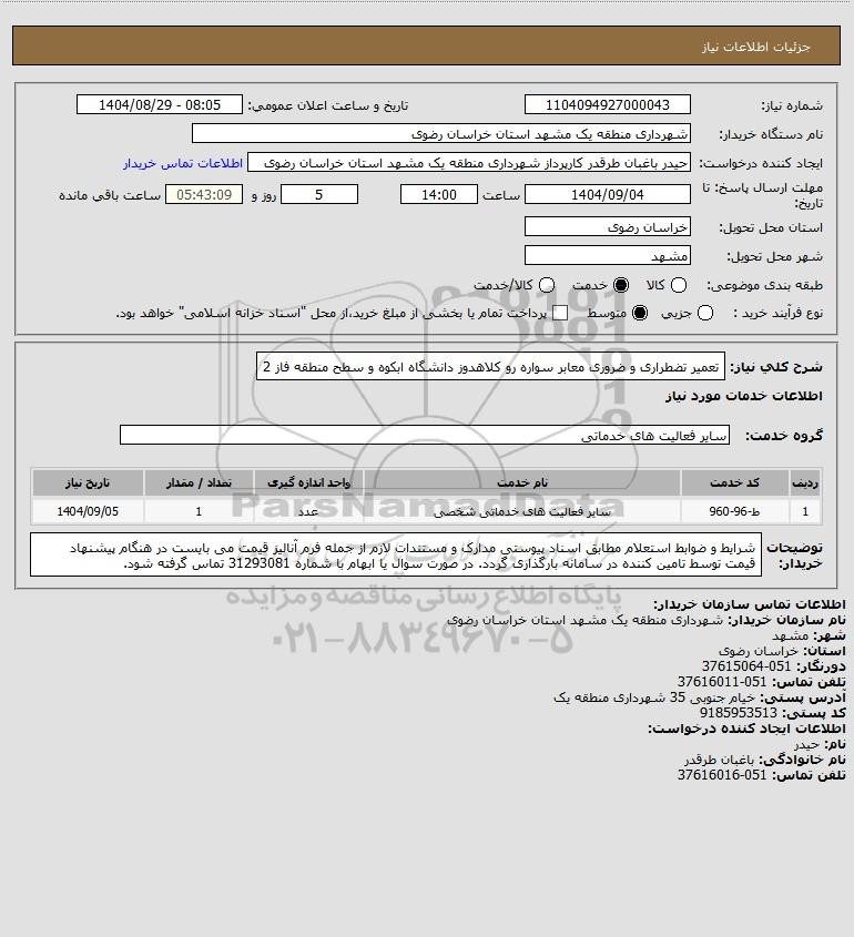 نام سازمان خریدار: شهرداری منطقه یک مشهد استان خراسان رضوی
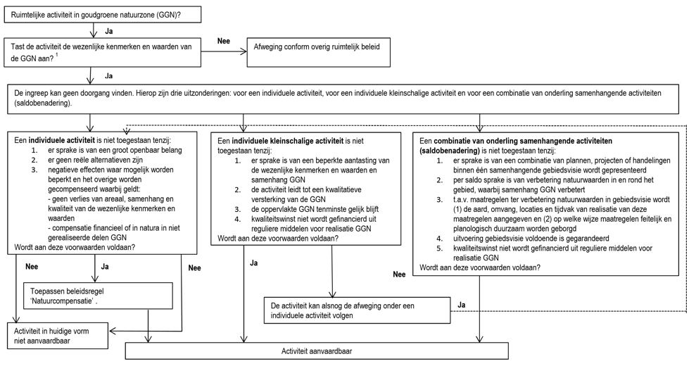 Een ruimtelijk plan dat betrekking heeft op een gebied dat deel uitmaakt van de Goudgroene natuurzone, maakt geen nieuwe activiteiten dan wel wijziging van bestaande activiteiten mogelijk die de wezenlijke kenmerken en waarden van het gebied aantasten.
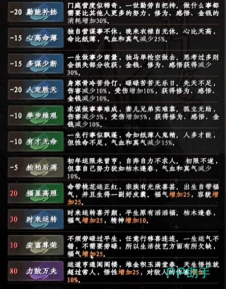 再者那些能够提升福气与容貌的天赋同样不容小觑,它们在角色的成长历程当中,无论是触发隐藏剧情还是结交奇人异士都将更加顺利,此外还有诸多其他类型的天赋可供探索,如增强悟性、磨砺精神等,皆可依据个人喜好与玩法风格灵活搭配,这里其实深入剖析各项关键属性的时候,大家不难发现其中的奥妙所在,以筋骨为例,它直接关联到外功攻击与要害攻击强度,每增加一点便能使外功攻击增长5点、要害攻击提升1点。
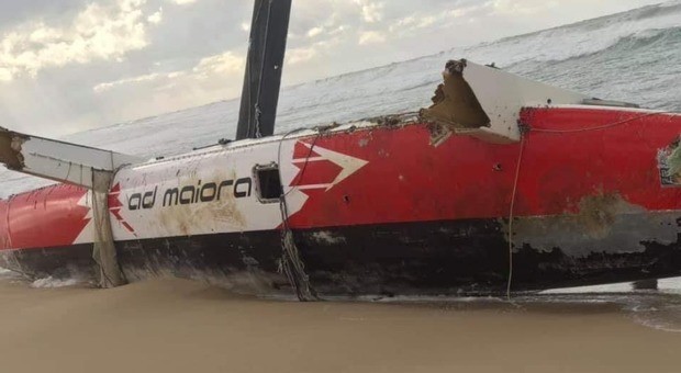 Senza più scafi laterali, lo scafo centrale, con le traverse ridotte ormai a 4 miseri monconi, si è spiaggiato spezzando il timone, come si vede dalle macabre foto. Parte della poppa è stata portata via durante qualche burrasca lungo le oltre 600 miglia percorse alla deriva dal luogo in cui Ad Maiora si è ritirato dalla regata.

-*-*-

### Problem to solve
All of the material above must be retyped exactly, line for line, with the images dropped.

### Output of the exercise
 نام سازمان خریدار: شهرداری منطقه یک مشهد استان خراسان رضوی
 Een ruimtelijk plan dat betrekking heeft op een gebied dat deel uitmaakt van de Goudgroene natuurzone, maakt geen nieuwe activiteiten dan wel wijziging van bestaande activiteiten mogelijk die de wezenlijke kenmerken en waarden van het gebied aantasten.
 再者那些能够提升福气与容貌的天赋同样不容小觑,它们在角色的成长历程当中,无论是触发隐藏剧情还是结交奇人异士都将更加顺利,此外还有诸多其他类型的天赋可供探索,如增强悟性、磨砺精神等,皆可依据个人喜好与玩法风格灵活搭配,这里其实深入剖析各项关键属性的时候,大家不难发现其中的奥妙所在,以筋骨为例,它直接关联到外功攻击与要害攻击强度,每增加一点便能使外功攻击增长5点、要害攻击提升1点。
 Senza più scafi laterali, lo scafo centrale, con le traverse ridotte ormai a 4 miseri monconi, si è spiaggiato spezzando il timone, come si vede dalle macabre foto. Parte della poppa è stata portata via durante qualche burrasca lungo le oltre 600 miglia percorse alla deriva dal luogo in cui Ad Maiora si è ritirato dalla regata.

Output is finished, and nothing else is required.